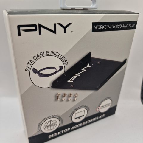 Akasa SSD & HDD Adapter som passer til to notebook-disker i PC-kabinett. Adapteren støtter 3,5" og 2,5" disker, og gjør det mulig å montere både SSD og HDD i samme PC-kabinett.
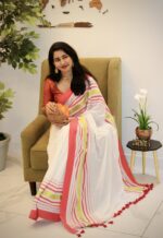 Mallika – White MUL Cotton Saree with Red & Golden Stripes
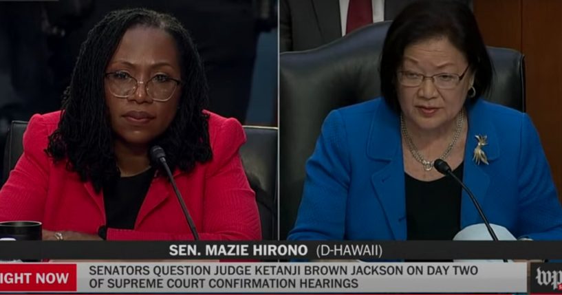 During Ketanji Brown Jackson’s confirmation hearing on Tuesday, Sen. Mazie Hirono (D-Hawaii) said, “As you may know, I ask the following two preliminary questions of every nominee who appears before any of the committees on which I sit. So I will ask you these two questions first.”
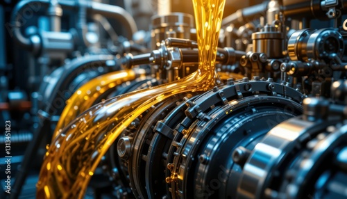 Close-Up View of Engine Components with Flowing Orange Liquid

+++

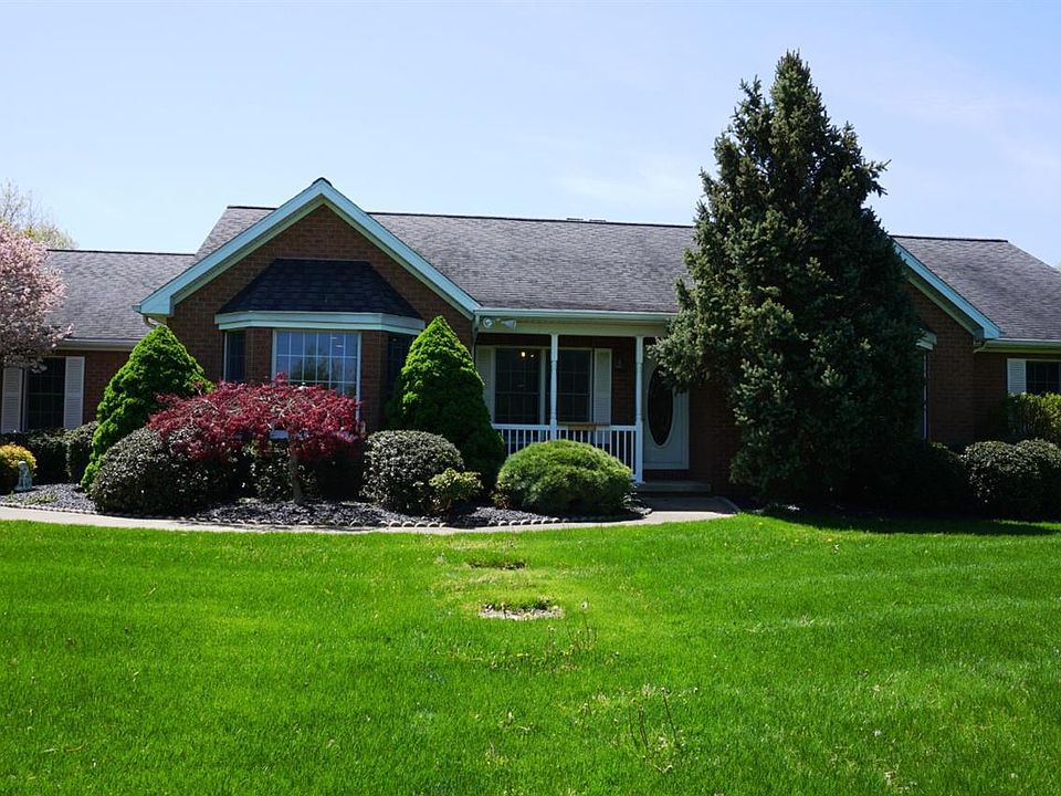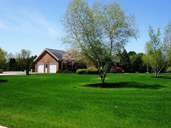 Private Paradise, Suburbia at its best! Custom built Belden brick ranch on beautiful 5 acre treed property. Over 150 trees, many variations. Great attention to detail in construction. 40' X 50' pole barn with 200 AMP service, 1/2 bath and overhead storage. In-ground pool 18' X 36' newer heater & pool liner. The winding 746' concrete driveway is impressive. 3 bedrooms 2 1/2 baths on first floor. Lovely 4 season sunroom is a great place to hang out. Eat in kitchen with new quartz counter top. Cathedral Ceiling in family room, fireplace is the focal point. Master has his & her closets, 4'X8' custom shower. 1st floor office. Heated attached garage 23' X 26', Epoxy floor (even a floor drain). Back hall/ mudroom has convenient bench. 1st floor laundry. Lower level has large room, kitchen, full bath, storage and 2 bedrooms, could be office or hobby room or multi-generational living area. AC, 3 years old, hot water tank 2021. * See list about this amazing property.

+++

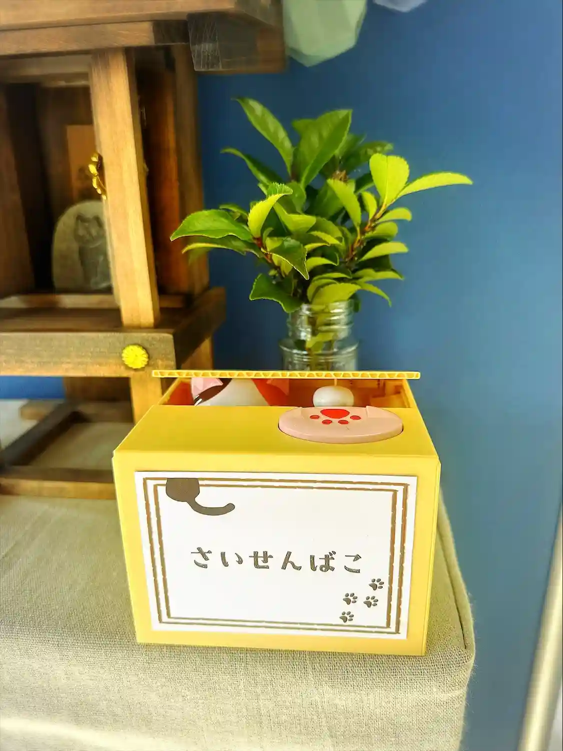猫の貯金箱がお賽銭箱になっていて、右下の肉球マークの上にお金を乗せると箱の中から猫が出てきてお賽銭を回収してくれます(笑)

+++

> _TASK DESCRIPTION_:
Within the entries above, give again exactly the lines starting at the one that contains "Akasa SSD &" and ending at the one that contains "Close-Up View of", leaving out the pictures.

> _ANSWER AREA_:
 Akasa SSD & HDD Adapter som passer til to notebook-disker i PC-kabinett. Adapteren støtter 3,5" og 2,5" disker, og gjør det mulig å montere både SSD og HDD i samme PC-kabinett.
 Mallika – White MUL Cotton Saree with Red & Golden Stripes
 During Ketanji Brown Jackson’s confirmation hearing on Tuesday, Sen. Mazie Hirono (D-Hawaii) said, “As you may know, I ask the following two preliminary questions of every nominee who appears before any of the committees on which I sit. So I will ask you these two questions first.”
 Close-Up View of Engine Components with Flowing Orange Liquid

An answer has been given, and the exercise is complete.